While, large financially strong public and private Greek companies can find some ship finance, in the first six weeks of 2014, Greek shipowner interests have tapped to equity market for over $1bn. Among those who have turned to investors are some of the industry's best known names. In all, Greek-linked companies have been involved in 14 raids so far in 2014, with at least three more imminent.
Latest to join the hunt is newcomer, Stalwart Tankers, which is set to go to investors with a prospectus to raised $100m on the NYSE to built a chemical tanker fleet.

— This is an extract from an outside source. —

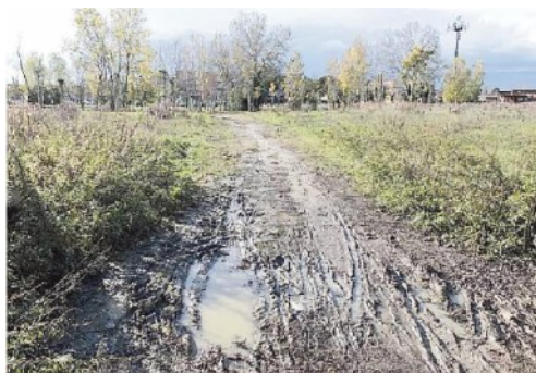
Oggi i sentieri si presentano così

The chemical transportation company maybe a new name, but its roots in shipping run deep. Stalwart is controlled by Ekaterini Lanara and Dimitrios Souravlas, part of the Lanaras clan. With an initial fleet of five ships, the company’s IPO filing says it plans acquisition of a further 11 units, including six newbuildings.
The company says it has signed a LOI with an unnamed South Korean shipyard for four 25,000 dwt eco-design newbuildings, an investment worth $174m with deliveries expected to begin in 2016. It also has the option to acquire an additional two sister ships for $87m with potential delivery in 2017.
With an initial fleet consisting of five ships ranging from 23,322dwt down to 11,560 dwt, built between 1994 and 2006, Stalwart said it intends to acquire five unidentified secondhand stainless steel tankers of between 20,000 dwt and 25,000 dwt, all built in Japan between 2005 and 2010.
Lanara, who was described as vice president and Souravlas as ceo own all of the company's issued and outstanding common shares. The two are also linked to Elmira Tankers Management, which has five chemical tankers, and Elmira Shipping & Trading, which has three general cargo ships and a ro-ro.
Stalwart says it is looking to take advantage of a market in early stages of a recovery from cyclical lows, and will also use proceeds from the IPO to repay debt.
Stalwart’s $100m target is average for Greek companies making raids on the equity market in 2014. Sums raised range from $29m to near $200m.
These have included in January, Peter G Livanos-led GasLog scooped $199m in an equity issue and private placement to help fund a $468m sale-and-leaseback deal with BG affiliate Methane Services. The Livanos / Marc Saverys-led Euronav also completed a $50m equity issue with shares sold to new investors.
Ever expanding Angeliki Frangou-controlled Navios Group has made two raids, with subsidiaries raising, $50m and $101m, with a third for $57m underway. Container ship owner Costamare / Costis Constantakopoulos grossed $100m through a public offering of 4m preferred shares.
Oslo-listed VLGC operator Dorian LPG / John Hadjipateras raised $100m through a private placement to finance its newbuilding VLGCs.